_Task material_.
□ □ □ □ □

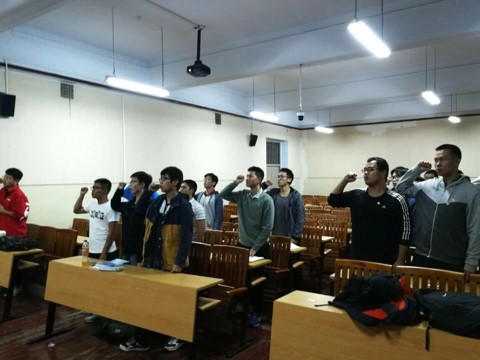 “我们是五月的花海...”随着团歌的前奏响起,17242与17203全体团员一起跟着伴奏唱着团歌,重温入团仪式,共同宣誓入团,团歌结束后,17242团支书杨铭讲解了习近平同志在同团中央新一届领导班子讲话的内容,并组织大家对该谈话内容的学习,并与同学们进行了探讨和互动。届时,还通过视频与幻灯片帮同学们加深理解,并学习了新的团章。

□ □ □ □ □

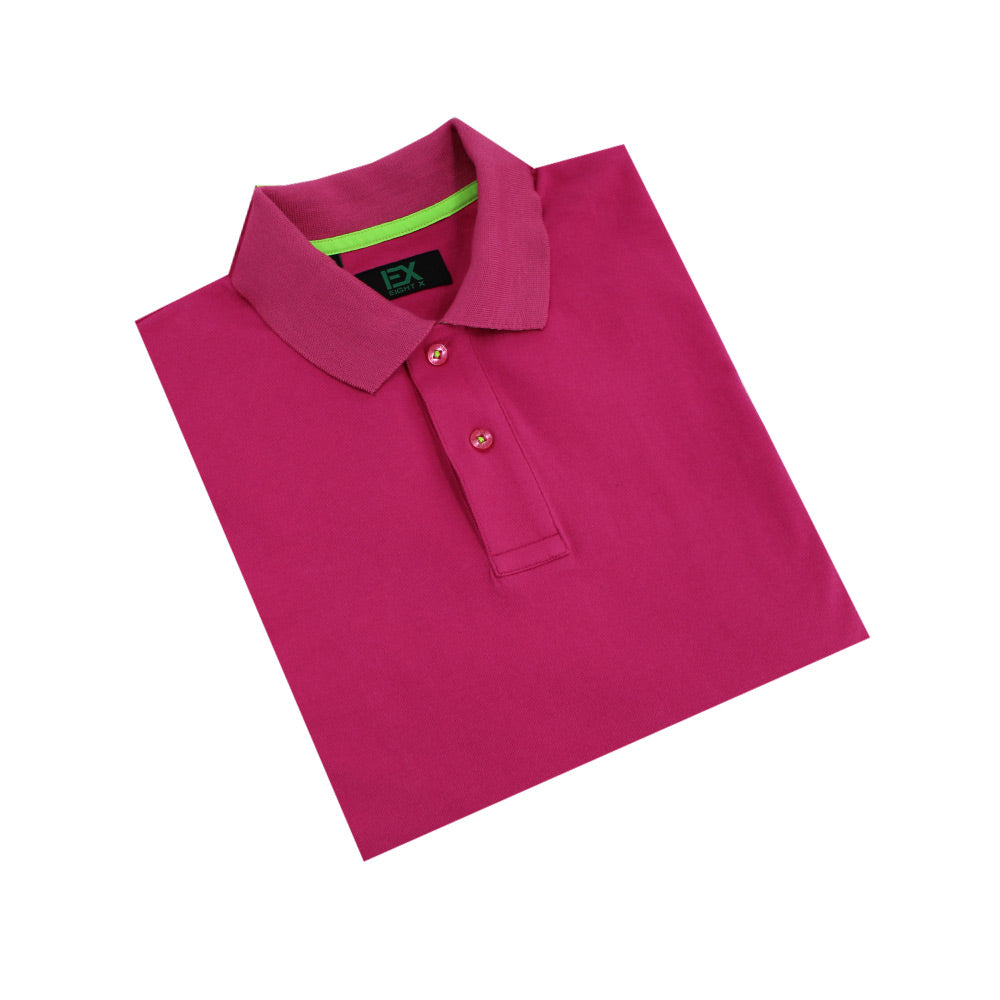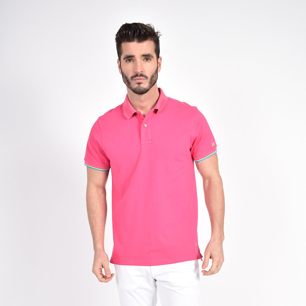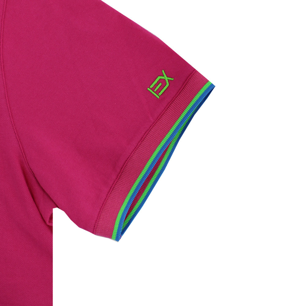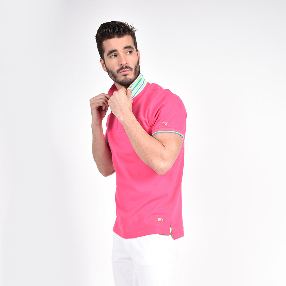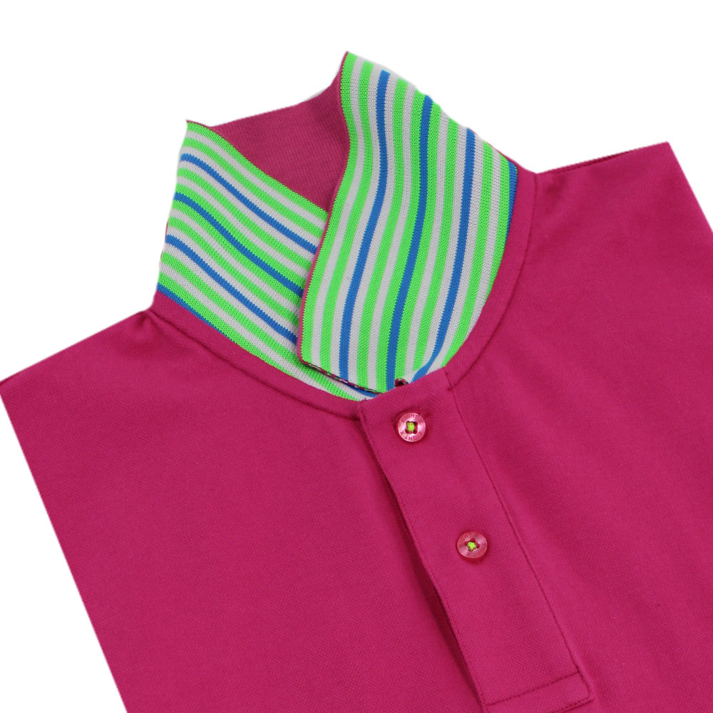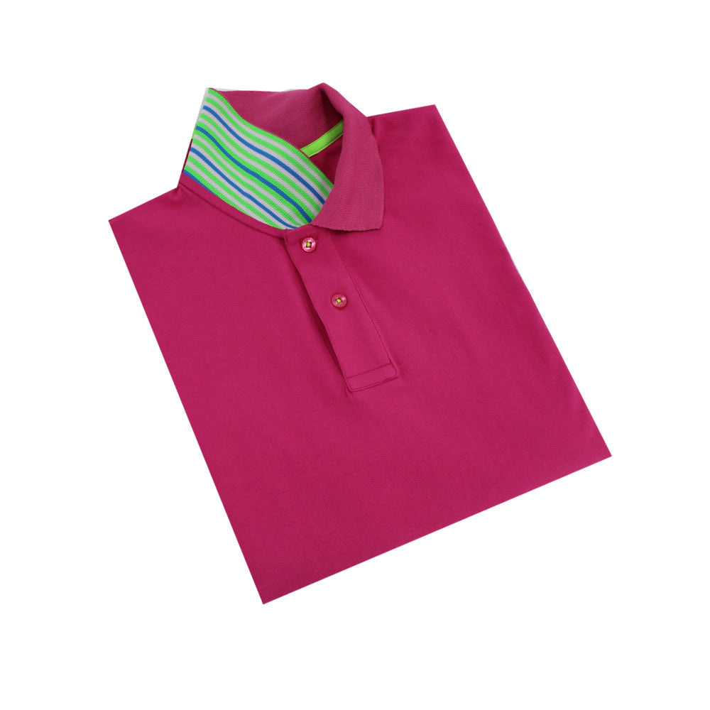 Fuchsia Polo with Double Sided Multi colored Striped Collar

□ □ □ □ □

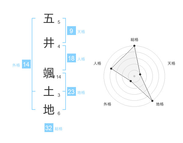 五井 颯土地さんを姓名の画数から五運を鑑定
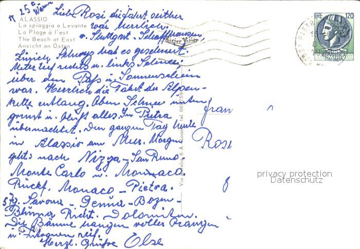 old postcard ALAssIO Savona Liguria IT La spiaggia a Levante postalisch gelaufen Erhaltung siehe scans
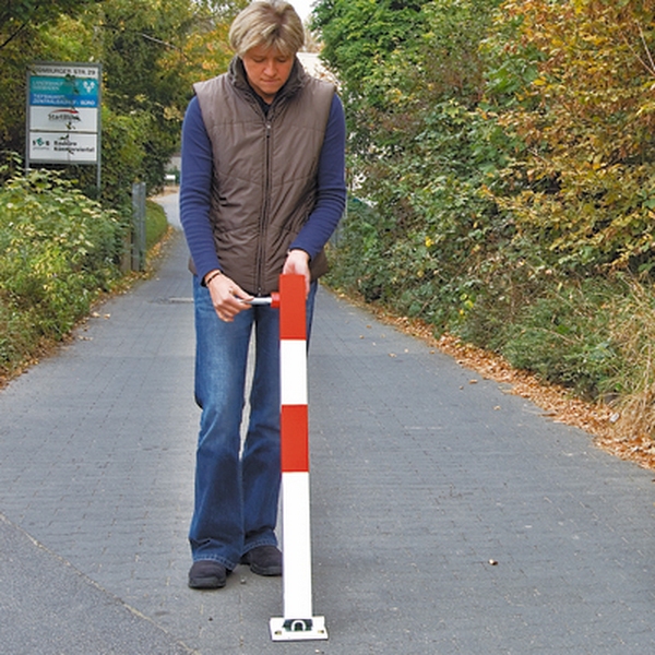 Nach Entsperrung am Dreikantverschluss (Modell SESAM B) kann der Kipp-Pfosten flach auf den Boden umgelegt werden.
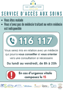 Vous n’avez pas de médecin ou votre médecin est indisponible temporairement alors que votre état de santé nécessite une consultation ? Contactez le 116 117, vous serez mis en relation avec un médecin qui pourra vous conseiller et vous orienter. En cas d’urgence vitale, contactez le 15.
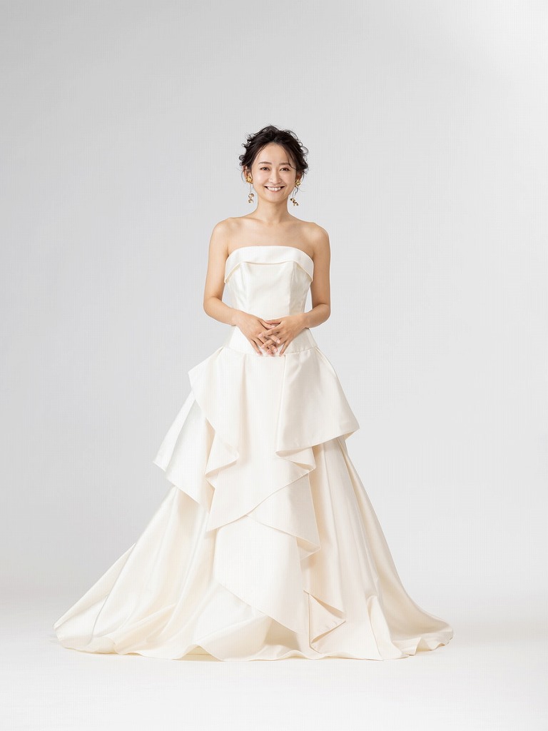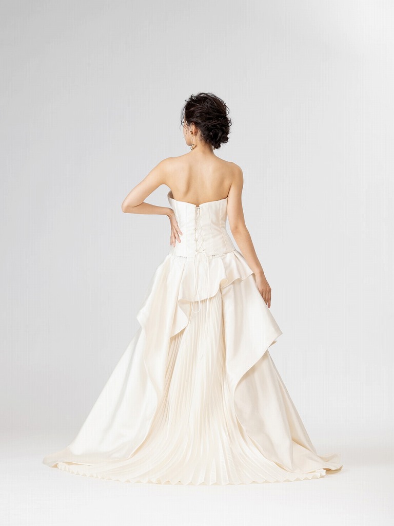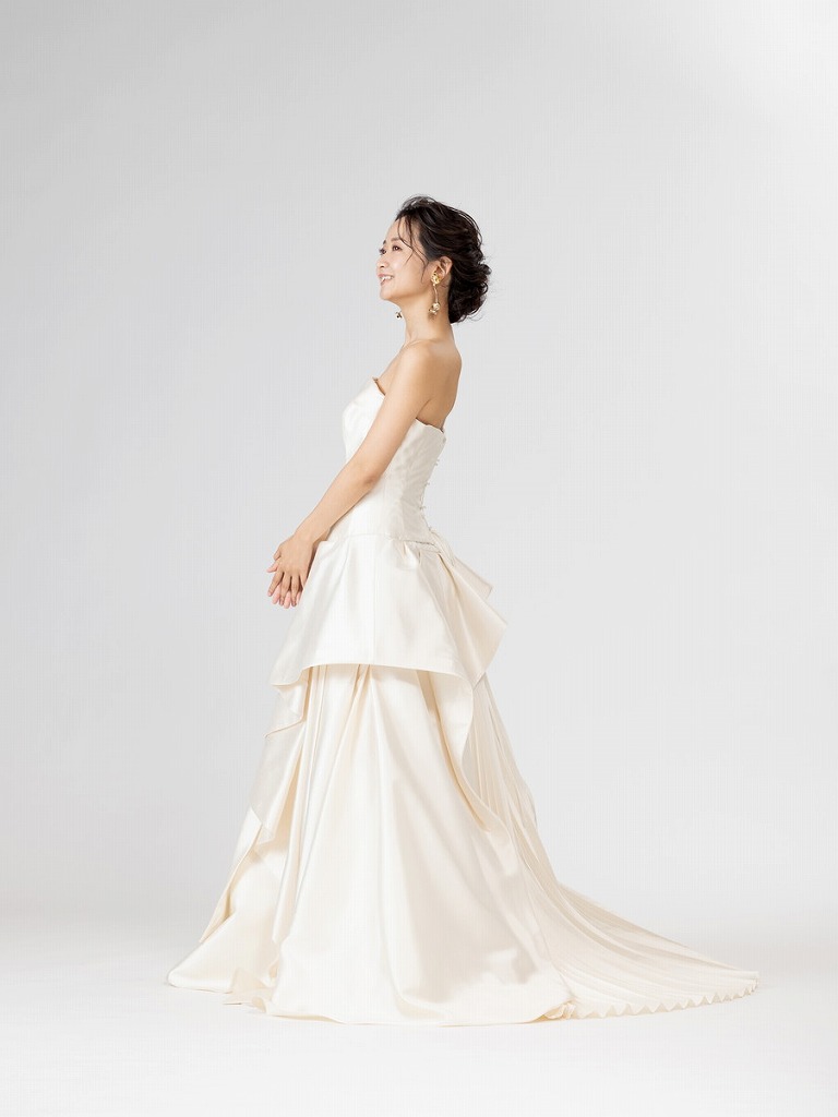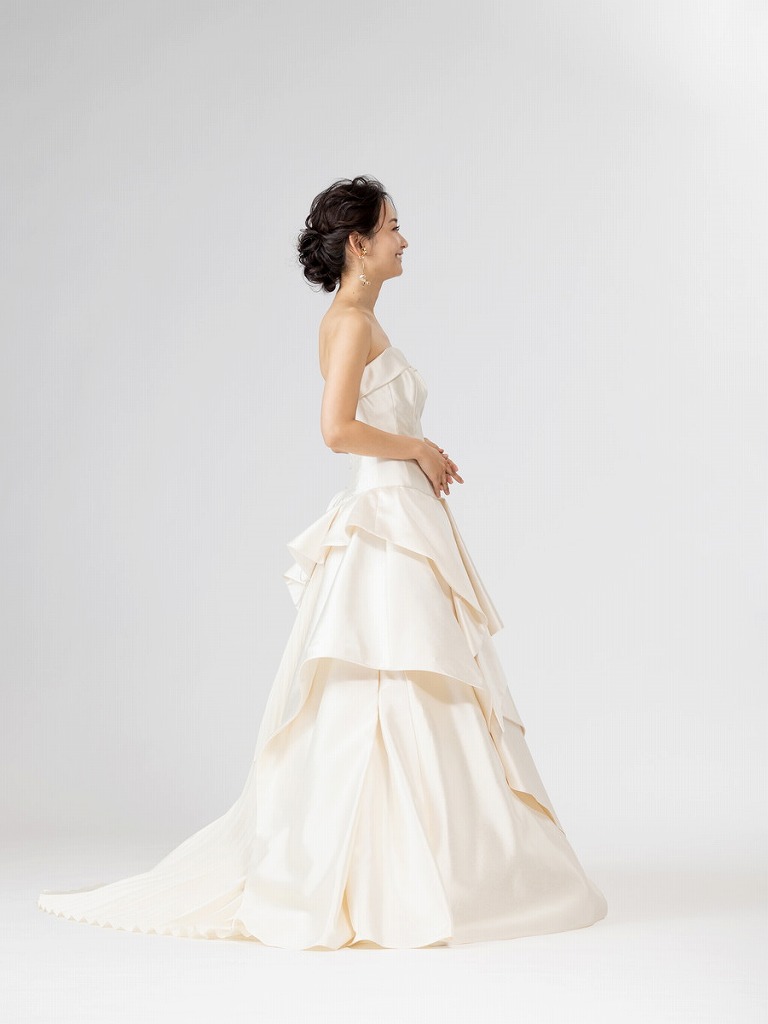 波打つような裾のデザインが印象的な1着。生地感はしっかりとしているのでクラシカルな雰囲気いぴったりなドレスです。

□ □ □ □ □

_Exercise details_. For this exercise, reproduce exactly the lines of the records above from the one with "old postcard ALAssIO" up to and including the one with "Vous n’avez pas", without pictures.

_Reply to the exercise_.
 old postcard ALAssIO Savona Liguria IT La spiaggia a Levante postalisch gelaufen Erhaltung siehe scans
 Nach Entsperrung am Dreikantverschluss (Modell SESAM B) kann der Kipp-Pfosten flach auf den Boden umgelegt werden.
 Vous n’avez pas de médecin ou votre médecin est indisponible temporairement alors que votre état de santé nécessite une consultation ? Contactez le 116 117, vous serez mis en relation avec un médecin qui pourra vous conseiller et vous orienter. En cas d’urgence vitale, contactez le 15.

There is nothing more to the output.